The moment he heard of their advance, Licinius slipped out of the town and crossed the Bosphorus into Asia; but Constantine was ready. Swiftly embarking his army in the newly arrived transports, he set off immediately in pursuit, and on 18 September scored another major victory at Chrysopolis (now Uskudar or, more familiarly, Scutari). Licinius hastened back to his capital at Nicomedia; great as his losses had been, his spirit was not yet broken and he had every intention of making a last stand. It was his wife who dissuaded him. If he surrendered now, she pointed out, he might yet escape with his life. The next day she herself went off to see her half-brother in his camp to plead with him on her husband's behalf.
And Constantine granted her request. He summoned Licinius, greeted him with every sign of cordiality and even invited him to dinner. Then he sent him into exile at Thessalonica, under close surveillance but in a degree of comfort appropriate to his rank. He showed similar magnanimity to his own self-styled successor Martianus, whom he simply banished to Cappadocia. Particularly in view of Licinius's conduct when he himself had taken over the Eastern Empire, such clemency was remarkable indeed; alas, it did not last. A few months later, both men were summarily put to death.
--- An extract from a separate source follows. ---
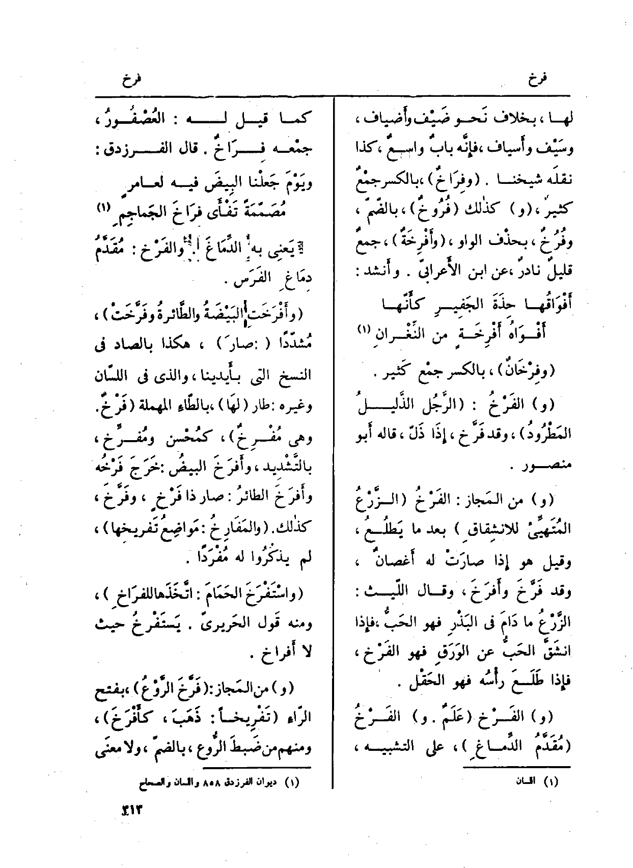 (وفِرخَانٌ) ، بِالْكَسْرِ جمْع كَثير.

The reasons for the Emperor's sudden change of heart are unknown. It is possible, as the Christian historian Socrates asserts - though he was writing a century later - that Licinius had been up to his old tricks again and was conspiring with the barbarian tribes (presumably the Sarmatians) for Constantine's murder and his own return to power; possible, but hardly likely. A far more probable solution to the problem can be found in the words of a prayer which Constantine wrote himself at about this time and circulated throughout the Empire in the form of an encyclical letter. After a long opening section in which he describes and deplores the previous Persecutions, 'my own desire is,' he continues, 'for the general advantage of the world and all mankind, that Thy people should enjoy a life of peace and undisturbed concord.'
It was true; after the war against Licinius and for the rest of his life we find him repeating these sentiments again and again and striving continually, at whatever cost, to avoid war or anything that might lead to it. By now, however, he can have had no doubts left in his mind that, if the Roman Empire were to remain at peace, it must continue to be united under a single head; and he must strongly have suspected that Licinius would never be content to remain for long in obscurity. The Empire, in short, was not - for all its vastness - big enough for both of them; and if the promise of peace required the elimination of the only two other claimants to the title of Augustus, it was surely cheap at the price.